Leaving out only the pictures, write out all the entries exactly.

☆ ☆ ☆ ☆ ☆

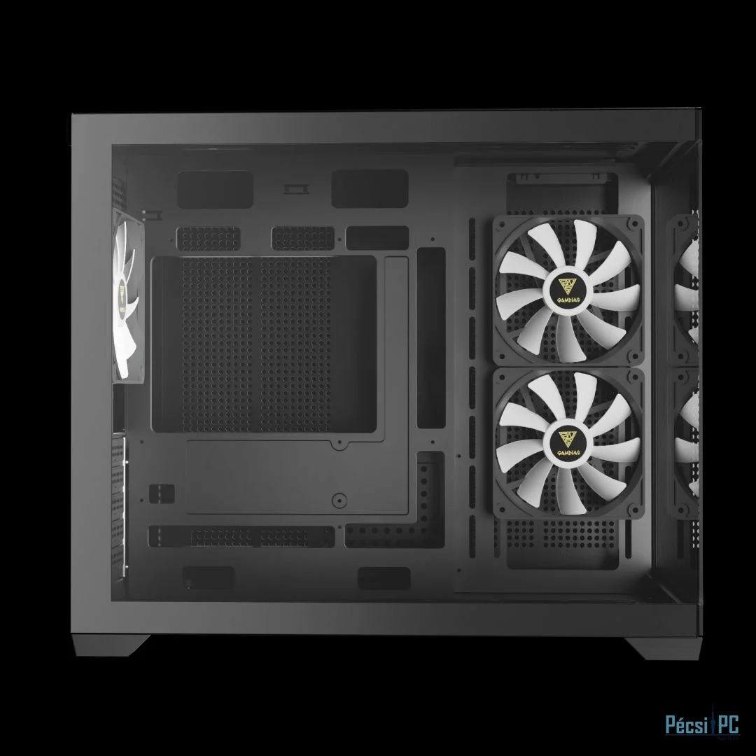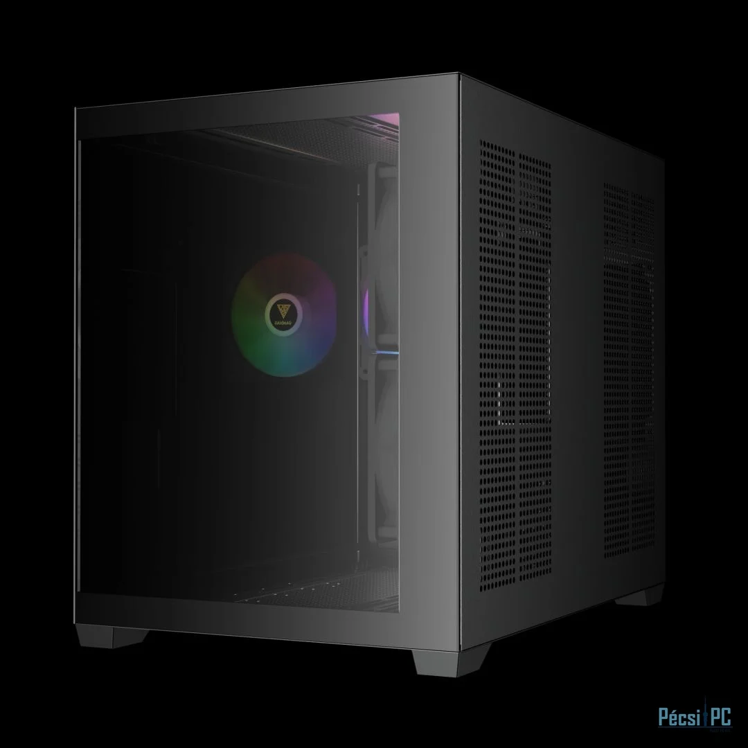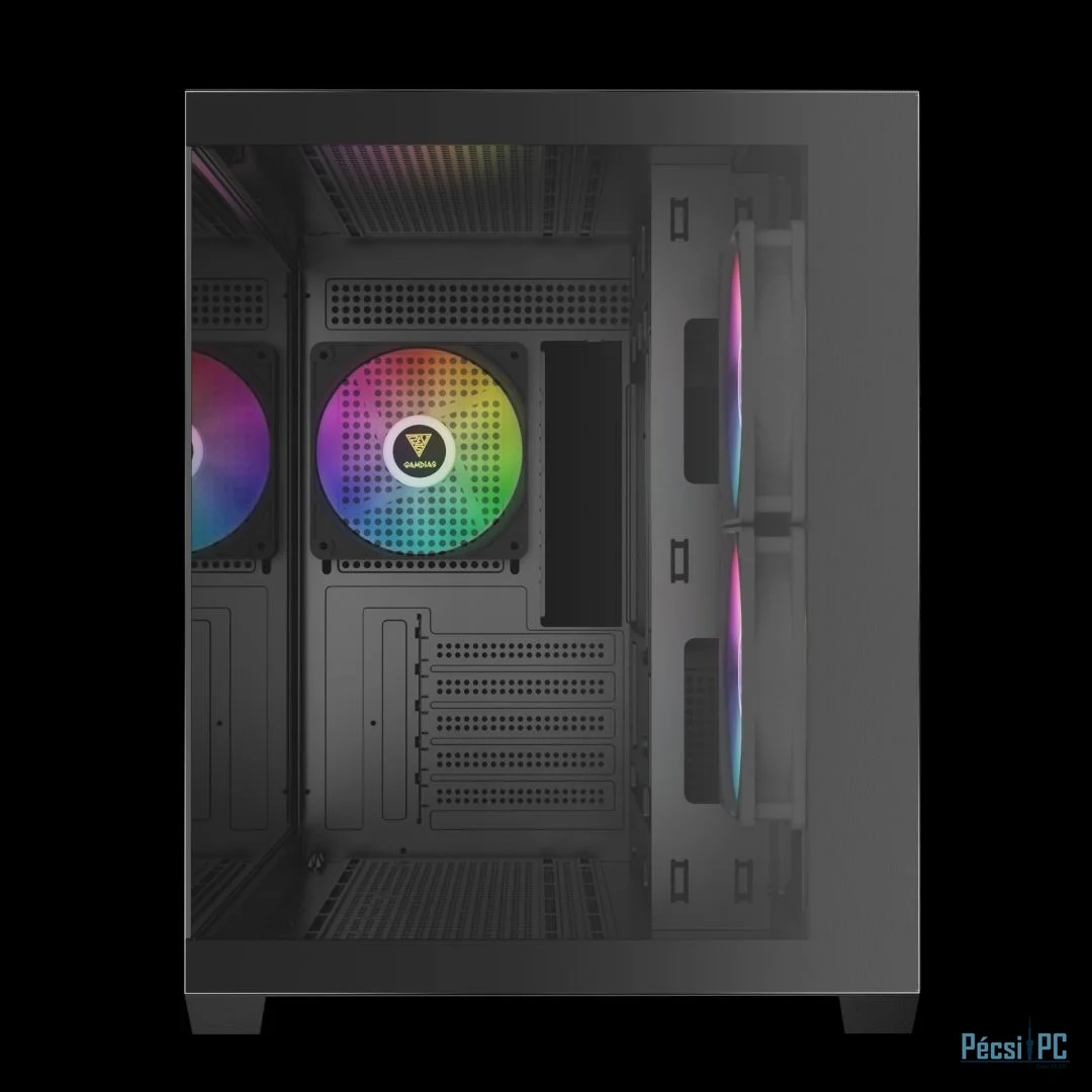 microATX, Black, 1x3,5", 3x2,5", 1xUSB2.0, 1xUSB Type-C, Audio, Táp nélkül, 420x365x285mm, Ventilátor:3x12cm, Tempered glass window, RGB, Gamer
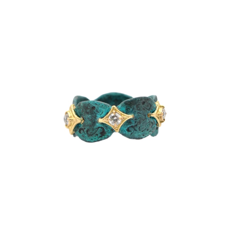 18k Yellow Gold artifact coin ring in teal patina with crivellis and 0.47TCW white diamonds. Band measures 9.5mm wide.
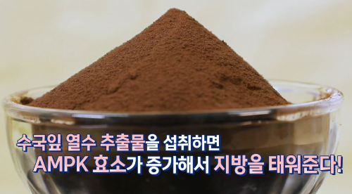 AMPK 효소란, 체내에서 에너지 대사를 높여서 지방 사이즈를 줄여주는 효소로써, 지방산의 합성과 분해를 매개하여 '지방 소각장' 역할을 하기 때문에 꼭 필요합니다. 나이가 들수록 몸속에 있는 AMPK 효소가 줄어들게 되어 젊을 때보다 뱃살을 빼기 어려워지게 되는데, 이때 수국잎 열수 추출물을 섭취하면 AMPK 효소가 증가해 지방 분해 능력이 올라갑니다.
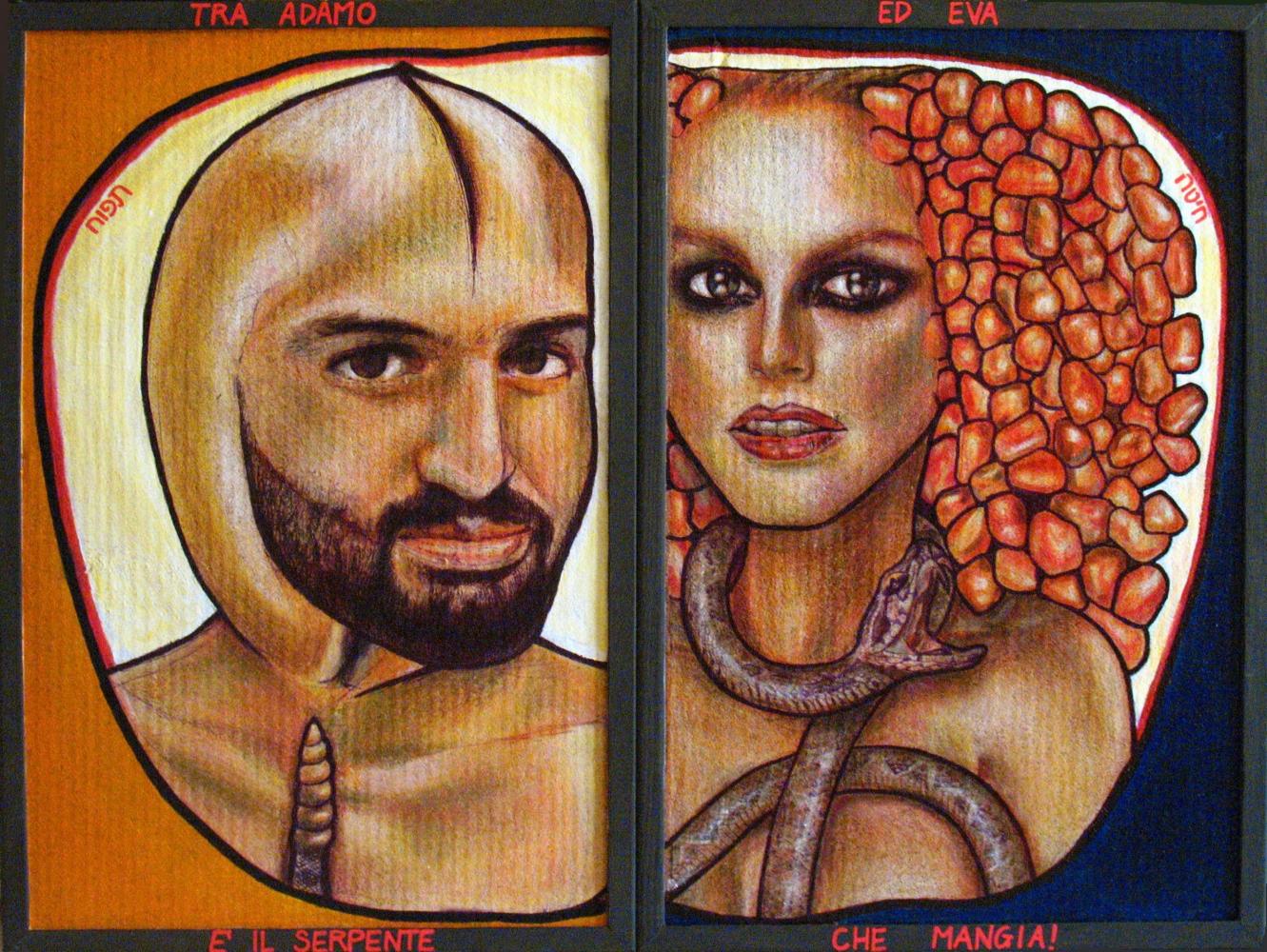 L’immagine del malato è visibile sul lato sinistro (per mezzo di una sagoma) e separata dal resto della composizione: il modo più semplice e condiviso di sostenerlo è quello di ignorarlo, di fingere che non esista, sottraendo la questione a se stessi. Il riquadro di sinistra designa una persona mentalmente instabile figurata al centro e in maniera più realistica, proprio perché essa manifesta inevitabilmente quello che è, non mostrando sovrastrutture alla propria immagine esterna ed interna. Le sagome attorno (speculari a quelle dell’altra porzione) contestano la sua collocazione possibile nella società (“esisto, anche se gli altri vivono del contrario”) e rivelano – attingendo al modello bio-psico-sociale – il condizionamento e l’incidenza che questa può produrre nel soggetto. Il colore giallo indica la stato di follia, ma è spesso associato al senso d’identità, all’Io. Il viola, suo complementare (complementarità, compresenza di opposti son elementi della mia cifra stilistica), è frequentemente riconducibile ad espressioni di forma negativa.
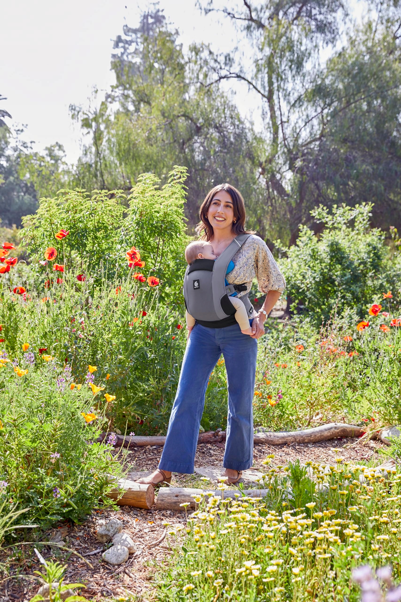 Ergobaby Away nosidełko dla dzieci, nosidełko podróżne dla niemowląt i małych dzieci (5,4-15,9 kg), nosidełko na brzuch i plecy, torba na dziecko, szary grafitowy
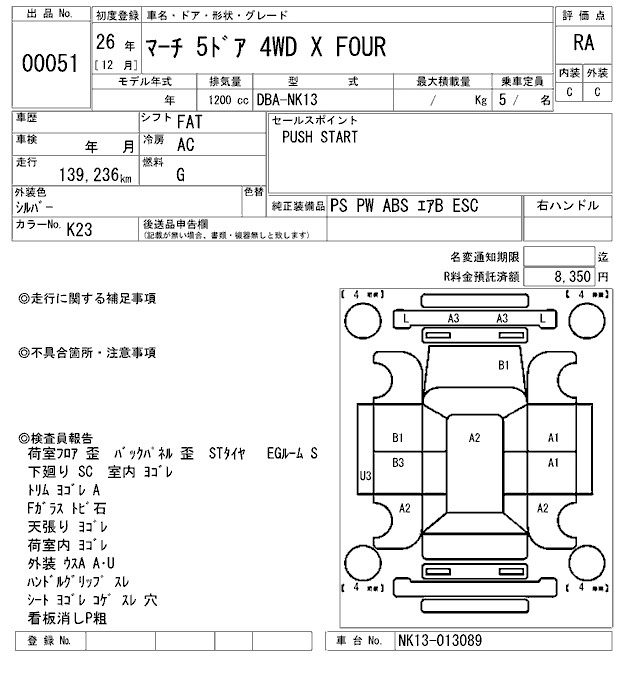 NISSAN MARCH 2014 г., лот № 51
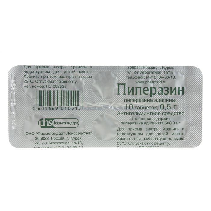 Активное вещество: пиперазина адипинат - 0.5 г.

☆ ☆ ☆ ☆ ☆

**Response area:**
 microATX, Black, 1x3,5", 3x2,5", 1xUSB2.0, 1xUSB Type-C, Audio, Táp nélkül, 420x365x285mm, Ventilátor:3x12cm, Tempered glass window, RGB, Gamer
 18k Yellow Gold artifact coin ring in teal patina with crivellis and 0.47TCW white diamonds. Band measures 9.5mm wide.
 AMPK 효소란, 체내에서 에너지 대사를 높여서 지방 사이즈를 줄여주는 효소로써, 지방산의 합성과 분해를 매개하여 '지방 소각장' 역할을 하기 때문에 꼭 필요합니다. 나이가 들수록 몸속에 있는 AMPK 효소가 줄어들게 되어 젊을 때보다 뱃살을 빼기 어려워지게 되는데, 이때 수국잎 열수 추출물을 섭취하면 AMPK 효소가 증가해 지방 분해 능력이 올라갑니다.
 L’immagine del malato è visibile sul lato sinistro (per mezzo di una sagoma) e separata dal resto della composizione: il modo più semplice e condiviso di sostenerlo è quello di ignorarlo, di fingere che non esista, sottraendo la questione a se stessi. Il riquadro di sinistra designa una persona mentalmente instabile figurata al centro e in maniera più realistica, proprio perché essa manifesta inevitabilmente quello che è, non mostrando sovrastrutture alla propria immagine esterna ed interna. Le sagome attorno (speculari a quelle dell’altra porzione) contestano la sua collocazione possibile nella società (“esisto, anche se gli altri vivono del contrario”) e rivelano – attingendo al modello bio-psico-sociale – il condizionamento e l’incidenza che questa può produrre nel soggetto. Il colore giallo indica la stato di follia, ma è spesso associato al senso d’identità, all’Io. Il viola, suo complementare (complementarità, compresenza di opposti son elementi della mia cifra stilistica), è frequentemente riconducibile ad espressioni di forma negativa.
 Ergobaby Away nosidełko dla dzieci, nosidełko podróżne dla niemowląt i małych dzieci (5,4-15,9 kg), nosidełko na brzuch i plecy, torba na dziecko, szary grafitowy
 NISSAN MARCH 2014 г., лот № 51
 Активное вещество: пиперазина адипинат - 0.5 г.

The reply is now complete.